[YOUR OBJECTIVE] Exactly reproduce the lines from the one containing "Questo coloratissimo volantino" through the last line of the data, both ends included, leaving out pictures.
---------- DATA PROVIDED
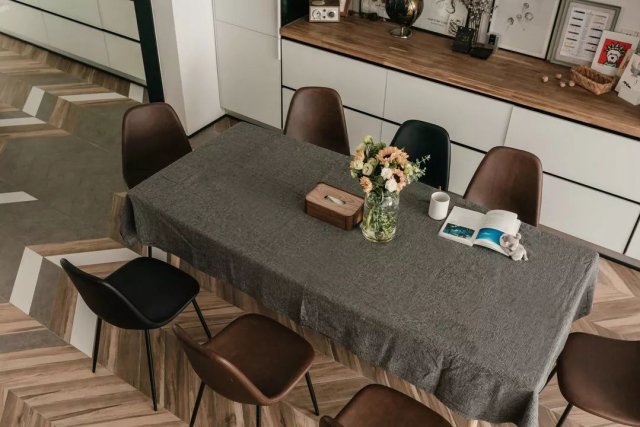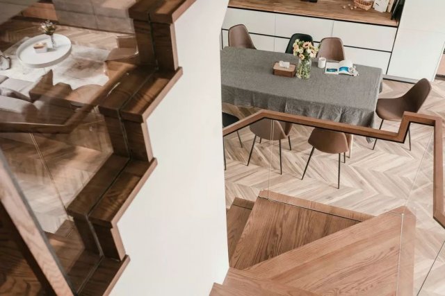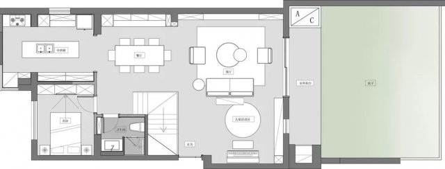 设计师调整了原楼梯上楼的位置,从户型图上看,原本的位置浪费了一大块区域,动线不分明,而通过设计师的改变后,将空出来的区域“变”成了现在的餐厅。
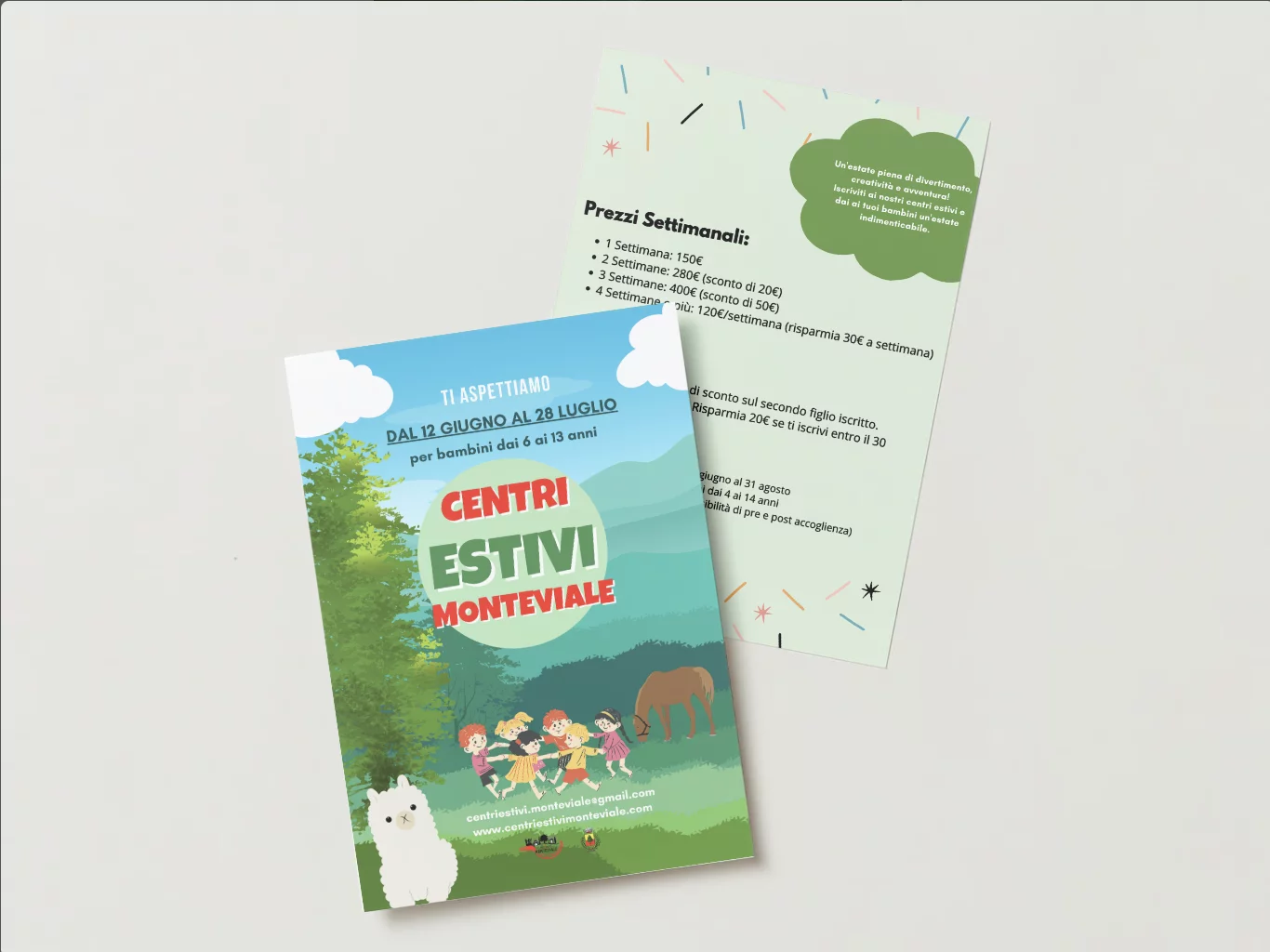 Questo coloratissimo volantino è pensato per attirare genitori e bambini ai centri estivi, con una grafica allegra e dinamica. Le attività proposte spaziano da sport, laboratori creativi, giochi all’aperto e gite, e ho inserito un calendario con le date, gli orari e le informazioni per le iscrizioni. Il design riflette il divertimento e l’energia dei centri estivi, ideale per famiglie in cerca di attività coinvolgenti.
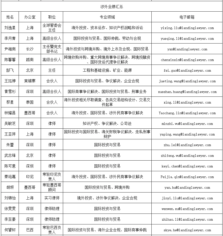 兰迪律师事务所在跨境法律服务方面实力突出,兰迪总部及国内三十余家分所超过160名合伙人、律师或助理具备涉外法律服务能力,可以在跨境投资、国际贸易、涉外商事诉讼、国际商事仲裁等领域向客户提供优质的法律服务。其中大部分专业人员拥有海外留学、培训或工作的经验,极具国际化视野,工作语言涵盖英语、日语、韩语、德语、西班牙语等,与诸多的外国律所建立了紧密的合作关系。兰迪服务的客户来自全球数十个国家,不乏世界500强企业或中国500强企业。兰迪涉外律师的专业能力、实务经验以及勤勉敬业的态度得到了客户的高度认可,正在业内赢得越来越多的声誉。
--------------------
[EXERCISE ANSWER]
 Questo coloratissimo volantino è pensato per attirare genitori e bambini ai centri estivi, con una grafica allegra e dinamica. Le attività proposte spaziano da sport, laboratori creativi, giochi all’aperto e gite, e ho inserito un calendario con le date, gli orari e le informazioni per le iscrizioni. Il design riflette il divertimento e l’energia dei centri estivi, ideale per famiglie in cerca di attività coinvolgenti.
 兰迪律师事务所在跨境法律服务方面实力突出,兰迪总部及国内三十余家分所超过160名合伙人、律师或助理具备涉外法律服务能力,可以在跨境投资、国际贸易、涉外商事诉讼、国际商事仲裁等领域向客户提供优质的法律服务。其中大部分专业人员拥有海外留学、培训或工作的经验,极具国际化视野,工作语言涵盖英语、日语、韩语、德语、西班牙语等,与诸多的外国律所建立了紧密的合作关系。兰迪服务的客户来自全球数十个国家,不乏世界500强企业或中国500强企业。兰迪涉外律师的专业能力、实务经验以及勤勉敬业的态度得到了客户的高度认可,正在业内赢得越来越多的声誉。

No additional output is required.